Insub (a sub-label of Insubordinations) has initiated a new (to me) kind of release--one receives a packet, very handsome, about 4 x 6", containing documentation about the release and a download code, thus straddling the line a bit between physical and non-physical object. These are the first two in the label's series.
Hannes Lingens - Four Pieces for Quintet (Insub)
Few things provide more pleasure for me that to, out of the blue, discover the work of a composer that I connect with so quickly. I've doubtless been remiss but Lingens wasn't even a name to me prior to this excellent release. From the interview enclosed, I gather that his scores might often be more overtly complex than this one but "Four Pieces for Quintet" is subtle enough as is, the concision of the score allowing for plenty of variation within a given field.
The quintet is Koen Nutters (double bass), Johnny Chang (viola), Michael Thieke (clarinet), Lingens (Accordion) and Derek Shirley (double bass). The score consists of five bars, each divided into rectangles or squares of colors or empty spaces (each square encompassing 15 seconds, by my reckoning). Five musicians, five colors, each piece lasting five minutes. Players select a tone they feel corresponds with the color and hold that note (all strings arco). Very simple but, given the combination of placement of the frame and the sensitivity of the players involved, the result is rich and profound. The presence of two basses tilts the music toward the low end though that's offset often enough by the viola and accordion especially. Not a new idea, of course, that a graphic score will gently steer improvisers down a path they might not tread otherwise, but still one that's capable of yielding fresh fruit. The pieces, as realized here, sometimes take on a hymn-like feel, very slow, with "voice" lines entering at irregularly staggered intervals, the accordion taking on a breathing, in and out aspect on occasion, others assuming the organ role.
While I'm curious how this score might be handled by different ensembles, this one is just richly layered and stirring. I also clearly need to hear more Lingens. Great work.

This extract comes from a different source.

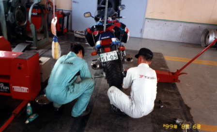 と,聞いてくる。あれこの人,バイクも扱っているのかなと思っていると,鮮やかに,後輪を浮かせ,タイヤをはずす。その後も実に手際よく修理していく。私がいつも言っているオートバイタイヤ専門店でもこんなに手際がよかったかなと思うくらいである。

Diatribes - Augustus (Insub)
A return to action by Mssrs. Cyril Bondi (floortoms, objects) and d'incise (laptop, objects). The enclosure is a quasi-symmetrical collage that includes the visages of Feldman, La Monte Young and, I think, a young Steve Reich though I don't hear much direct influence. The again, a chair dragged across a floor--possibly! Though the single piece feels improvised, there are apparently agreed upon way stations in place, boundaries to remain within, which likely account for the cohesive structure. The duo has a very granular, particulate sound--I always have the impression of people scurrying through a floorspace densely strewn with detritus--though this is leavened here by accordion-like tones, presumably laptop-generated. Indeed, much of the piece offsets those long tones against the grinding, growling clatter created by Bondi and it's a good contrast, though Bondi gradually ends up bowing (?) an object to more or less match d'incise. The notes describe it as "ritual but yet rational" and that's not bad. You do get the sense of some ulterior, non-musical motivation going on, an air of darkness and mystery that goes a long way toward making the outing a successful one.
A solid set, one of those that I imagine would have been great fun to experience live but it's plenty good here.